Time Estimate: 10-15 minutes for 1-5 person team
Documentation: Simple spreadsheet or GitHub issue noting review date and any changes made
5.2 Automated Monitoring
Real-Time Alerts (for heroku and admin panel):
- Failed login attempts (>5 in 15 minutes)
- New admin user created
- MFA disabled
- Login from new country
Monthly Check (during monthly compliance hour):
- Any new accounts created?
- Any permissions changed?
See Also: Compliance Actions Calendar for schedule
6. Access Revocation
6.1 Team Member Termination
Timeline: Access revoked immediately upon termination
Simple Checklist (15-30 minutes):
For Contractors:
- Revoke on contract end date
- Same checklist as above
- Update Subprocessor Inventory if they were a vendor with data access
6.2 Role Changes
Timeline: Update within 5 business days
Process: Remove old access, grant new access, document change
7. Service Accounts and API Keys
7.1 Service Account Management
Definition: Non-human accounts used by applications, scripts, or automation.
Creation Process:
- Submit service account request with purpose
- Security Contact reviews and approves
- IT/DevOps creates account with minimal permissions
- Document account in service account register
- Owner assigned for each service account
Requirements:
- Descriptive naming convention (e.g.,
svc-backup-s3, ci-deploy-production)
- Purpose and owner documented
- No interactive login (API keys/tokens only)

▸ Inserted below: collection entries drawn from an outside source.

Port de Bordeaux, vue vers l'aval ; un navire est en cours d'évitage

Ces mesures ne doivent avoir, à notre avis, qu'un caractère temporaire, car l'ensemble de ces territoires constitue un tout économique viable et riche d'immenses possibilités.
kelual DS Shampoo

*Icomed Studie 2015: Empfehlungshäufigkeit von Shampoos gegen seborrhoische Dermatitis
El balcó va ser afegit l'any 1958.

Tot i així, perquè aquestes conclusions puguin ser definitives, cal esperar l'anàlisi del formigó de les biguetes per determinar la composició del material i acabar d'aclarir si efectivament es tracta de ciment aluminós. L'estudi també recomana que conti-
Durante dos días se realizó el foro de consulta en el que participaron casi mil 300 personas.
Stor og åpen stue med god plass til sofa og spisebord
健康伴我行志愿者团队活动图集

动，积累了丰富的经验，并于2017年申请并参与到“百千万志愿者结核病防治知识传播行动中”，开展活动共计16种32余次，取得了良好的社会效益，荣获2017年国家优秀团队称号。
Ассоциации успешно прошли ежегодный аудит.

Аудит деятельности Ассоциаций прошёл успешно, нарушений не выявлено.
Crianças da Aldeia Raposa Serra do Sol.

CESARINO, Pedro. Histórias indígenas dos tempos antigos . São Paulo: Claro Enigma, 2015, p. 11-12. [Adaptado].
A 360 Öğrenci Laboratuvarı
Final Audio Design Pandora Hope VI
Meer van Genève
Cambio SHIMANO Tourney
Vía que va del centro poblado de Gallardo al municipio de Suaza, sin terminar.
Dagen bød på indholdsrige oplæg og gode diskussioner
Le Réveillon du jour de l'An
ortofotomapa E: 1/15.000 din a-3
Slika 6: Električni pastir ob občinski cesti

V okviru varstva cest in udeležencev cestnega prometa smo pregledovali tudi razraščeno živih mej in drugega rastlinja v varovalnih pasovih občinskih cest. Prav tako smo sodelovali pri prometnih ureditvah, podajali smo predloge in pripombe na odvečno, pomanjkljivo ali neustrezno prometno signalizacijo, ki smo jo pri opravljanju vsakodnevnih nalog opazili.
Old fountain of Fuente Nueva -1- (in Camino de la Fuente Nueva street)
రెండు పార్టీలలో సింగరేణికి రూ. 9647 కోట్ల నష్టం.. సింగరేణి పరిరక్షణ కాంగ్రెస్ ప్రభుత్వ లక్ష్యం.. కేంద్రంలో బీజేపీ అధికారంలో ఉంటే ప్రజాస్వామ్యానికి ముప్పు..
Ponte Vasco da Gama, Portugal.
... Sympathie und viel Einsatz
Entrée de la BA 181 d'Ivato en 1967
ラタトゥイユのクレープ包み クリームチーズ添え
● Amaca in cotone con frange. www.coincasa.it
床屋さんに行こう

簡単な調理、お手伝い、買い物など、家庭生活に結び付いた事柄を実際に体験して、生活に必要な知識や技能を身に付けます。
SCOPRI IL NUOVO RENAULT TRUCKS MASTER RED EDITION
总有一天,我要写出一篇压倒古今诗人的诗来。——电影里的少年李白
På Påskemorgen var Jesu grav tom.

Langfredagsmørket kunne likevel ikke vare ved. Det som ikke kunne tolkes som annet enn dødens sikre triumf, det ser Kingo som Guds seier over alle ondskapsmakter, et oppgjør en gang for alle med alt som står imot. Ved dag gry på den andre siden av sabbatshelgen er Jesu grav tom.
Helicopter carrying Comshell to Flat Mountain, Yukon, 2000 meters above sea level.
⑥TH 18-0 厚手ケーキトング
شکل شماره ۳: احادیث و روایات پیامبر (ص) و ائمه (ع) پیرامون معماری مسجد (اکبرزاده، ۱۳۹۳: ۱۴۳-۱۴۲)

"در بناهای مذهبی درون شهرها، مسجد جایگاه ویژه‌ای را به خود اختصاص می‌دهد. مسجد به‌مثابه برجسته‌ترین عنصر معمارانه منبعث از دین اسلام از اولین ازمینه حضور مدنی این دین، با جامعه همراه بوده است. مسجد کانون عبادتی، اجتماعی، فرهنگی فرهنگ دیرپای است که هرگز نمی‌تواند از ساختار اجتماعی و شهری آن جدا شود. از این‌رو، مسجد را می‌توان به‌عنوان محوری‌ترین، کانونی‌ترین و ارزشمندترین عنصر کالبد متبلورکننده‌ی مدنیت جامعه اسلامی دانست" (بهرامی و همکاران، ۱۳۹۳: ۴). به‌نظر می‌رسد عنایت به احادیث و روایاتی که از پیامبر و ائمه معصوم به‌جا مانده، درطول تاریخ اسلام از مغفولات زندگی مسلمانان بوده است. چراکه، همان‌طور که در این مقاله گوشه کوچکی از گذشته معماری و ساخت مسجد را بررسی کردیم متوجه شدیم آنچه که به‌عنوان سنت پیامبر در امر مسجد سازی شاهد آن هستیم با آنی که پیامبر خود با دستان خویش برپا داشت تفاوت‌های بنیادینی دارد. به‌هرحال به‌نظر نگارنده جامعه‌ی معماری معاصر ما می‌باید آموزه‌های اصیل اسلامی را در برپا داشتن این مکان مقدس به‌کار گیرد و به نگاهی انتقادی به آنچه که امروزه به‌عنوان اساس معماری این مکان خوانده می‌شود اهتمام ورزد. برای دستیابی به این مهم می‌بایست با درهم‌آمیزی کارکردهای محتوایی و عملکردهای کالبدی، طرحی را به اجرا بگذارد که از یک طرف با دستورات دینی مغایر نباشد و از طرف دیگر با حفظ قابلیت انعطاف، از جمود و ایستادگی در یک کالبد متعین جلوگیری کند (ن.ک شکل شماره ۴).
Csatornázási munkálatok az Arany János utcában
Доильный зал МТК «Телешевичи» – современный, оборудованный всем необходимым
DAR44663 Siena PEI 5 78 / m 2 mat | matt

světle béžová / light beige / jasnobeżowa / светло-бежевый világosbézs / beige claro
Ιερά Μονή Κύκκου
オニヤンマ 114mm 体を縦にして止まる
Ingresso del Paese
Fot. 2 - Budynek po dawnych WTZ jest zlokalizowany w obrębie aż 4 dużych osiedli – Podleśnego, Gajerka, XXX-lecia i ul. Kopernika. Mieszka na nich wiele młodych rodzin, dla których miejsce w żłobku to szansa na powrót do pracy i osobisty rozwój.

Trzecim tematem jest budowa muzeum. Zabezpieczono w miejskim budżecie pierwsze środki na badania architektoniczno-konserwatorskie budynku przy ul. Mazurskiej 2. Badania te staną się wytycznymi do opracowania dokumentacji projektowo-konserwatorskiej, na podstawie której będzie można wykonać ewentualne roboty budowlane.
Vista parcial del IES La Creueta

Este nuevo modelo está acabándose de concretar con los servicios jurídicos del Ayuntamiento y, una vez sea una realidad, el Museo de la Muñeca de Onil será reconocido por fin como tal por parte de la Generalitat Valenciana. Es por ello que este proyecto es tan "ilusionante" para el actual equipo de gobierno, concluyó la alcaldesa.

- Regular password/key rotation (every 90 days)
- Monitoring for unusual activity
7.2 API Key Management
Best Practices:
- Never commit API keys to code repositories
- Store keys in secret management system (AWS Secrets Manager, HashiCorp Vault)
- Rotate keys every 90 days when appropriate
- Separate keys for each environment (dev, staging, production)
- Revoke immediately if exposed
Key Rotation Process:
- Generate new API key
- Update application configuration
- Deploy new configuration
- Verify new key working
- Revoke old key
- Log rotation in access register
Exposed Key Response:
- Revoke compromised key immediately (within 15 minutes)
- Generate new key
- Update all systems using key
- Review logs for unauthorized usage
- Assess if incident response needed
- Incident report filed
7.3 Service Account Reviews
Quarterly Review:
- List all service accounts
- Verify owner and purpose still accurate
- Check for inactive accounts (no API calls in 90 days)
- Confirm key rotation compliance
- Review permissions (can they be reduced?)
Remediation:
- Delete unused service accounts
- Reduce over-privileged accounts
- Force key rotation if overdue
- Update documentation
8. Access Register and Documentation
8.1 Access Register
Purpose: Centralized record of all access grants, changes, and revocations.
Contents:
- User/account name
- System/resource accessed
- Access level granted
- Date granted
- Granted by (approver)
- Business justification
- Review date (for periodic reviews)
- Revocation date (if applicable)
Format: Slack #access-requests channel serves as the primary audit trail. For quarterly reviews, the current state of access is documented in the compliance spreadsheet.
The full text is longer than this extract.